En alguno de sus aforismos (Cultura y valor), dice Wittgenstein que el saludo que corresponde enunciar a un filósofo no es “buenas tardes”, ni “cómo le ha ido”, sino “date tiempo”. ¿A qué se refería el autor del Tractatus? ¿Ensalzaba la virtud de la paciencia? ¿Atizaba la resignación del escepticismo? ¿Se refería a la propensión de los filósofos a buscar un buen departamento? En todo caso, dar o darse tiempo suele ser sólo, en el peor de los casos, una acotación a la desesperanza; en el mejor, un intervalo del deseo y, en el óptimo, una certidumbre de la pereza. Quizás, de haber rozado como nosotros el congojo del milenio, Wittgenstein hubiese preferido saludar diciendo “date prisa”.
Date tiempo… El consejo provoca el enfado propio de la argumentación irrebatible, cuando lo que el mísero necesita es rebatir lo que sea. Oronda sabiduría callejera sancionada por la asumida experiencia de quien lo otorga y la promesa de recompensa para quien lo acate (como si de nosotros dependiera no darse tiempo), sugerirle a alguien que se dé tiempo es una bienintencionada estupidez, sobre todo en la variante que abrevia, con voz grave, aire sabihondo e índice pedante: “tiempo, tiempo…”.

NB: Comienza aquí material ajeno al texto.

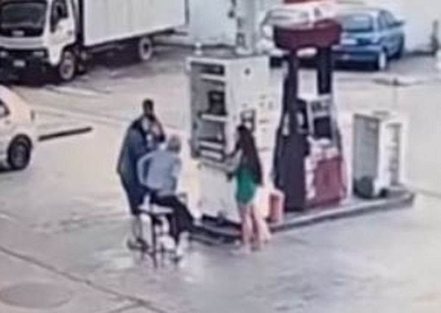 Nas imagens é possível ver o cliente sentado junto a uma das bombas de abastecimento, próximo a uma mulher que está de pé e a dois frentistas. Ele então se levanta, saca da uma arma-de-fogo da parte de trás da cintura, aponta para a cabeça de um dos trabalhadores e atira duas vezes, a curta distância. A vítima tomba no local, enquanto a acompanhante do agressor aparenta desespero com a situação. O outro homem corre em direção ao escritório do posto, sem ser atingido.

El mísero escucha el consejo y vitamina su rol: mira al suelo, asiente con la cabeza y dice otra estupidez: “pues sí, tiempo ¿verdad?”, etcétera. Como si el tiempo que uno debe darse pasara de ser un fluido indiferente a ser algo tangible, dispuesto a darse, como una limosna. La otra alternativa es mirar al consejero que receta tiempo y, esquivando el lugar común, preguntarle “¿cuánto?”, de lo que, para esquivar su propio atolondramiento, el consejero escapará con otra estupidez: “el necesario”, que tampoco significa nada. A lo que uno puede contestar en el mismo tenor: “ya no queda tiempo”, ni siquiera para dárselo a uno mismo, lo que significa que sólo resta elegir a la muerte y nublar de cumulus el cálculo del consejero.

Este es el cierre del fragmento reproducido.